Both companies are shedding value with ROIC below WACC. SkyWater shows improving profitability trends, while CEVA faces declining returns, suggesting SkyWater holds a relatively stronger, though still slightly unfavorable, competitive advantage.

Stock Comparison

The stock price dynamics over the past year reveal significant divergence between SkyWater Technology, Inc. (SKYT) and CEVA, Inc. (CEVA), with SKYT showing a strong upward momentum while CEVA’s price remained largely flat with recent weakness.

stock price comparison

Trend Analysis

SkyWater Technology, Inc. (SKYT) exhibited a pronounced bullish trend over the past 12 months, with a 244.62% price increase and accelerating momentum, reaching a high of 32.77 and a low of 6.1. Recent months show continued strength with an 87.39% gain.

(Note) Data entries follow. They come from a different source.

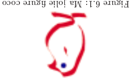
Figure 6.1 : Ma jolie figure coco

\documentclass[11pt]{report} \usepackage{graphics}
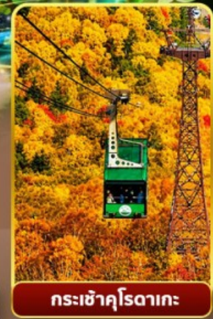
กระเช้าคุโรดากะ
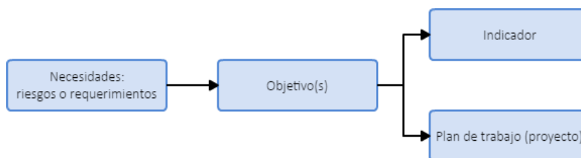
Ilustración 1 - Despliegue esquemático Necesidades de la Entidad

La estrategia presenta el estado actual en lo relacionado a riesgos dentro del alcance del SGSI y el estado planeado al final de su ejecución, está definida con base dos tipos de necesidades de seguridad de la información de la entidad: riesgos y requerimientos (de las partes interesadas). El plan de identificación y tratamiento de riesgos para la de seguridad y privacidad de la información se construyó a través de un despliegue estratégico esquematizado a continuación:
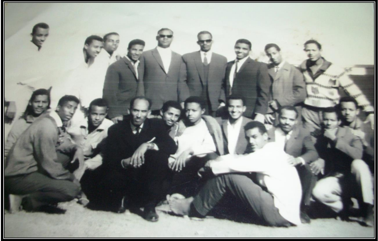
مع بعض الطلبة في القاهرة
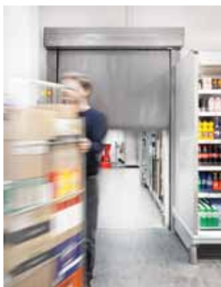
Gyorskapu – ütközésálló megoldás – raktár, Svájc
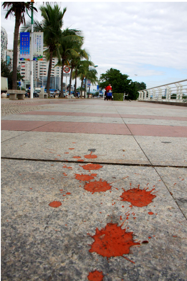
12月23日,河西路人行道上仍有人乱吐槟榔水。
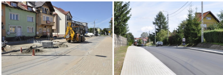
Przebudowa ulicy Wodnej
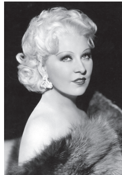
Фотография 3 — 41 год
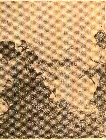
Formațiune patriotică de luptă din Capitală în acțiune în zilele lui august

dezvoltăm activitatea găzilor muncitorești, a unităților de pregătire militară a tineretului, să organizăm apărarea teritorială”, lată de ce, conștient de efortul susținut pentru realizarea exemplară, la parametrii noi calitativi, superioare a obiectivelor dezvoltării economice-sociale a României, combatanții găzilor patrioțici nu precupețesc nici un efort în vederea perfecționării continue a pregătirii lor de luptă, politico-educative și pentru acțiune, corespunzător exigențelor izvorite din hotărârile de partid, din Directiva comandantului nostru suprem. O concludență dovedă a nivelului ridicat de pregătire în vederea apărării patriei o constituie, fără îndoială, calificativul general de foarte bine cu care au fost apreciate, în cadrul recenziei controlate de fond, gările patriotice din sectoarele Capitalei și dintr-un însemnat număr de județe. De asemenea, gările patriotice și-a etalat și în etalează înaltele virtuți moral-politice și capacitatea de acțiune într-un sir de aplicații tactice desfășurate împreună cu unitățile militare și cu celelalte formațiuni populare, vînd îndeosebi apărarea localităților și a obiectivelor importante, precum și prin participarea activă la realizarea unor lucrări hidrotenionice și de îmbunătățiri funciare, la prevenirea incendiilor, în lăturarea efectelor calamităților naturale, asigurarea ordinii și liniștii publice, a pazei și apărării frontierei de stat.
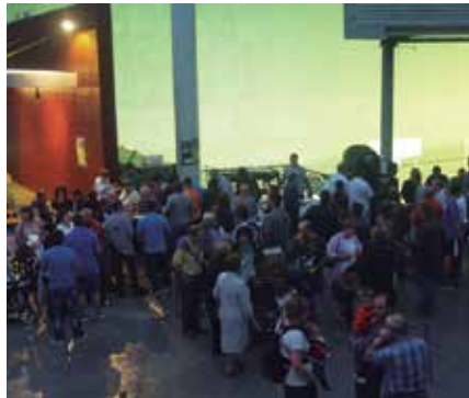
Larunbat arratsaldean, sardina eta sagardo banaketa herriko plazan.

Eguerdian, joaldunekin batera Mapildik plazara abiatuko dira oilasko biltzaileak.
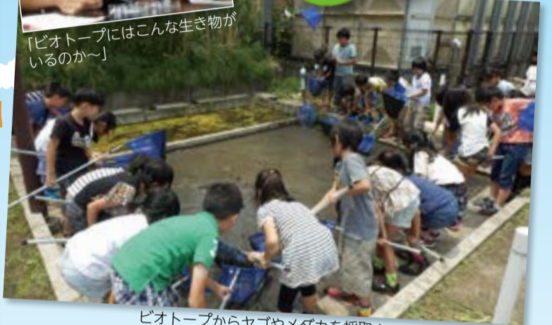
ビオトープからヤゴやメダカを採取!
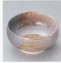
10432-264 ネズミ志野丸小鉢 550円 120入 (9×4.5cm)
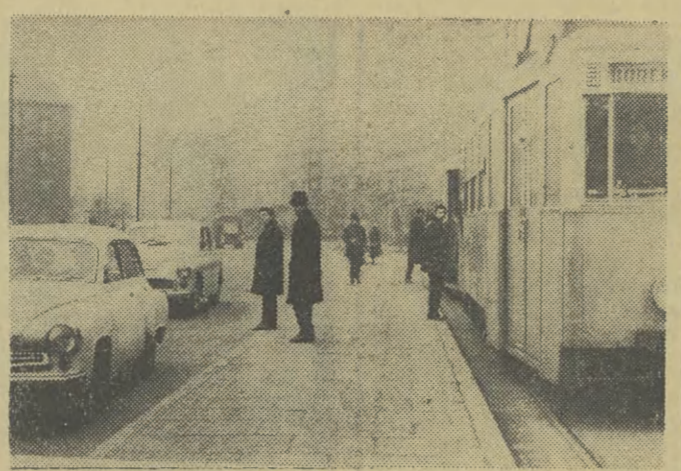
W efekcie trwającej przebudowy skrzyżowania przy Placu Wolności, powstała wyspka dla pieszych oczekujących na tramwaj, likwidującą tym samym jeszcze jeden punkt kolizyjny.

APOLLO: Markiza Angelika (fr.-wl.) 16 lat — 10, 12, 13, 14, 15, 16, 17, 18, 19, 20, 21, 22, 23, 24, 25, 26, 27, 28, 29, 30, 31, 32, 33, 34, 35, 36, 37, 38, 39, 40, 41, 42, 43, 44, 45, 46, 47, 48, 49, 50, 51, 52, 53, 54, 55, 56, 57, 58, 59, 60, 61, 62, 63, 64, 65, 66, 67, 68, 69, 70, 71, 72, 73, 74, 75, 76, 77, 78, 79, 80, 81, 82, 83, 84, 85, 86, 87, 88, 89, 90, 91, 92, 93, 94, 95, 96, 97, 98, 99, 100. KINA W NOWEJ HUCIE: SWIT: Nie przyszła mi kwiata (USA, 14 lat) — 15, 16, 17, 18, 19, 20, 21, 22, 23, 24, 25, 26, 27, 28, 29, 30, 31, 32, 33, 34, 35, 36, 37, 38, 39, 40, 41, 42, 43, 44, 45, 46, 47, 48, 49, 50, 51, 52, 53, 54, 55, 56, 57, 58, 59, 60, 61, 62, 63, 64, 65, 66, 67, 68, 69, 70, 71, 72, 73, 74, 75, 76, 77, 78, 79, 80, 81, 82, 83, 84, 85, 86, 87, 88, 89, 90, 91, 92, 93, 94, 95, 96, 97, 98, 99, 100.
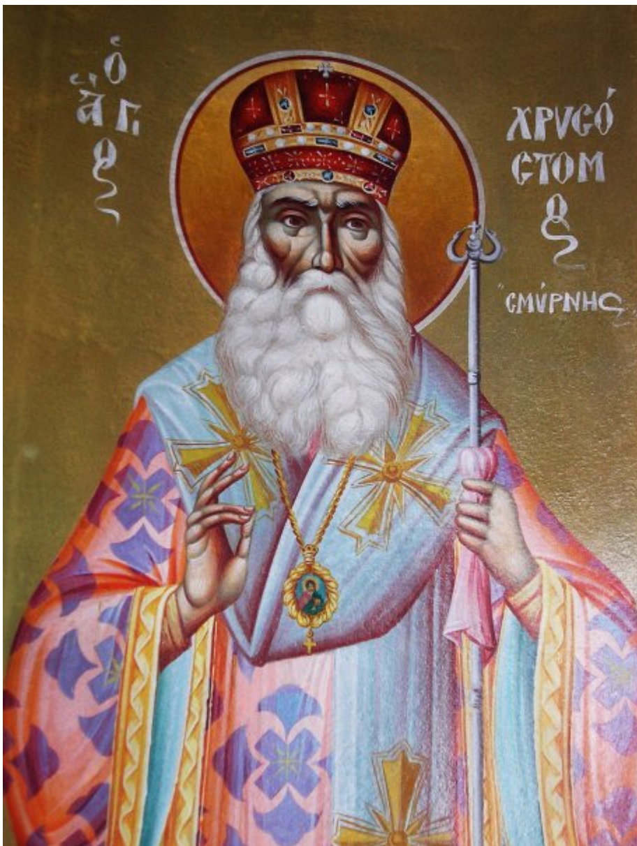
Άγιος Χρυσόστομος Σμύρνης
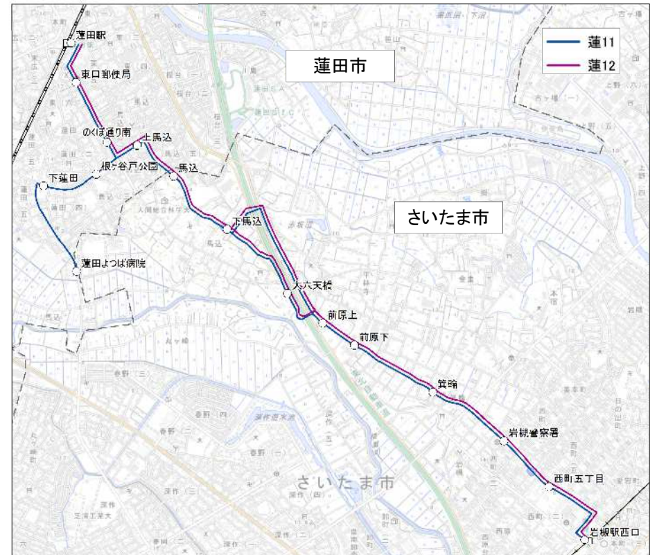
※電子地形図(国土地理院)を加工して作成

CEVA, Inc. (CEVA) displayed a marginal overall price increase of 1.35% over the year, indicating a neutral trend with deceleration. The stock recently declined by 17.31%, reflecting seller dominance and a downward slope in the short term.

Comparing both, SKYT delivered the highest market performance by a wide margin, driven by a strong and accelerating bullish trend, whereas CEVA’s price change remained nearly flat with recent weakening.

Target Prices

The consensus target prices from verified analysts suggest clear valuation expectations for these semiconductor companies.

CompanyTarget HighTarget LowConsensus
SkyWater Technology, Inc.252525
CEVA, Inc.282828

Analysts expect SkyWater Technology’s stock to correct down to $25 from the current $33, indicating potential downside risk. CEVA’s target at $28 suggests upside from its current $22.58 price, showing more growth potential.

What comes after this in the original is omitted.